Frank Arthur Calder,  (August 3, 1915 – November 4, 2006) was a Nisga'a politician in Canada.

Born in Nass Harbour, British Columbia, Calder was the first indigenous person to graduate from the Anglican Theological College of the University of British Columbia. Mr. Calder was an hereditary chief of the House of Wisinxbiltkw from the Killerwhale Tribe. He died November 4, 2006 at an assisted-living home in Victoria from the effects of cancer and recent abdominal surgery.

Political career

In the 1949 British Columbia election, Calder was elected to the Legislative Assembly of British Columbia. He was elected in the riding of Atlin  where he continued to serve until 1979. Calder represented BC's Co-operative Commonwealth Federation (which later became the New Democratic Party of British Columbia).
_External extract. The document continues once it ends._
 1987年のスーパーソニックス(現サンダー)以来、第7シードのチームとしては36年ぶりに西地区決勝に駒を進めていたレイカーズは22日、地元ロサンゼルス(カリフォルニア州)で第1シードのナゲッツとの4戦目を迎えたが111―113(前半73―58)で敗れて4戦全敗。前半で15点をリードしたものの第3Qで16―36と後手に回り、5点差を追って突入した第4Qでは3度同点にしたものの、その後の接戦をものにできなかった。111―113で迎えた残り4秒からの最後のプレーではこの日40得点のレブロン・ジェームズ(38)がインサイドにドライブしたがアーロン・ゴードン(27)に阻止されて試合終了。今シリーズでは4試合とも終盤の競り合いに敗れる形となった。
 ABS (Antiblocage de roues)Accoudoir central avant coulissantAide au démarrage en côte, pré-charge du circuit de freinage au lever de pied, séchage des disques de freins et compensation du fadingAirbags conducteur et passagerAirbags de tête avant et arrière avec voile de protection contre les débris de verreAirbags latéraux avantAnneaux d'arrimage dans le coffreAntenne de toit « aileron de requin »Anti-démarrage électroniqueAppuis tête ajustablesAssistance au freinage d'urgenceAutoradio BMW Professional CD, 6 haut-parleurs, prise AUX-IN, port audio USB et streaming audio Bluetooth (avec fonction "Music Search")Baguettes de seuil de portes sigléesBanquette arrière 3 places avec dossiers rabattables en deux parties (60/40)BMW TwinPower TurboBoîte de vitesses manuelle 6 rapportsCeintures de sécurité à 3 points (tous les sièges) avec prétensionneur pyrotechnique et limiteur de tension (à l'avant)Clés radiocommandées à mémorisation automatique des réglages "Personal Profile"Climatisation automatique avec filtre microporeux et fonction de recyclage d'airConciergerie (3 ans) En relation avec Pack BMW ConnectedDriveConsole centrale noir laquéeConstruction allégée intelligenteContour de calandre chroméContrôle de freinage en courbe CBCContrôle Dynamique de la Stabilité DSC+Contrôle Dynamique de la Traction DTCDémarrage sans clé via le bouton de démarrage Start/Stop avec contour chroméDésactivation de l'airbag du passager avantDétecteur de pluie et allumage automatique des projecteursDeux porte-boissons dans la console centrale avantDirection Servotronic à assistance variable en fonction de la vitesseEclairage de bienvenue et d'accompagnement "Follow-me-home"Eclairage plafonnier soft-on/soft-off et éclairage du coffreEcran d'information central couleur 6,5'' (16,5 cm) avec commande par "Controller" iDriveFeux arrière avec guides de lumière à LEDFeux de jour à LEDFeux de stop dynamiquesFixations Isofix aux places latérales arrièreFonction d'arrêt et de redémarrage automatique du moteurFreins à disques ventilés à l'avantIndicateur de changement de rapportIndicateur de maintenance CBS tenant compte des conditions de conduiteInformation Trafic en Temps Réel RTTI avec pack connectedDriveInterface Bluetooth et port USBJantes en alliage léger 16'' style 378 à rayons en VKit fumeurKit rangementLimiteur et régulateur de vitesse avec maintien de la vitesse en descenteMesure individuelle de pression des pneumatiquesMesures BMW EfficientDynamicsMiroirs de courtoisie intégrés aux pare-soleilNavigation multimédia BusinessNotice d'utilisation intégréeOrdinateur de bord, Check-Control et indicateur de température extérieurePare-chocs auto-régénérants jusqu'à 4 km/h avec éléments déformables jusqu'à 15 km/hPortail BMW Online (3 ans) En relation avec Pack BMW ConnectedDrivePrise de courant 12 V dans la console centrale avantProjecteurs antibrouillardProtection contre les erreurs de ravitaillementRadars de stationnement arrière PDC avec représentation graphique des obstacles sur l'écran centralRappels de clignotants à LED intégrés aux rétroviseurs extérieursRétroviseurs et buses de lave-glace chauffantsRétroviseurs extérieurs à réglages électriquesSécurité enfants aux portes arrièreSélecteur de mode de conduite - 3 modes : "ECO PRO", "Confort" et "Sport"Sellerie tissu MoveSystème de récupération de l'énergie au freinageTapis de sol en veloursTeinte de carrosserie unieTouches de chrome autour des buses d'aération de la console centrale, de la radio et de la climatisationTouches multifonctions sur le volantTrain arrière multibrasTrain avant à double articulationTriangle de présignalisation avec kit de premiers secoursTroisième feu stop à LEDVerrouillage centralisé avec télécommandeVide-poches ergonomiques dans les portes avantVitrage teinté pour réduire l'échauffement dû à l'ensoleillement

Calder was appointed cabinet member in Dave Barrett's government in 1972 and became BC's first aboriginal cabinet minister. In 1973, police found him in a consensual situation involving a female companion, alcohol and a car parked in an intersection. He was arrested but not charged and was fired from cabinet. In 1974 he was defeated by Joseph Gosnell in his bid to be re-elected as president of the Nisga'a Tribal Council.

In 1975, Calder crossed the floor to join the Social Credit Party of British Columbia and was re-elected. In 1979, however, Calder lost his seat to the NDP candidate, Al Passarell, by a single vote. Calder and his wife had both neglected to vote.

Fighting for treaty rights

Calder is famous for the court case titled "Calder vs. Attorney General of British Columbia", which was argued by Thomas Berger. By appealing the case all the way to the Supreme Court of Canada, Calder established that Aboriginal title exists in modern Canadian law. This decision had national and international reverberations. In addition, it was the basis of BC's Nisga'a treaty.

Before the Calder Case, there was no clear process for negotiating Canadian land claim settlements. Calder clarified which lands were negotiable (40% of Canada's land mass) and which were not. After the case, Canada developed a land claim policy to guide negotiations. He continued to fight for Nisga'a's treaty rights as recently as 2000.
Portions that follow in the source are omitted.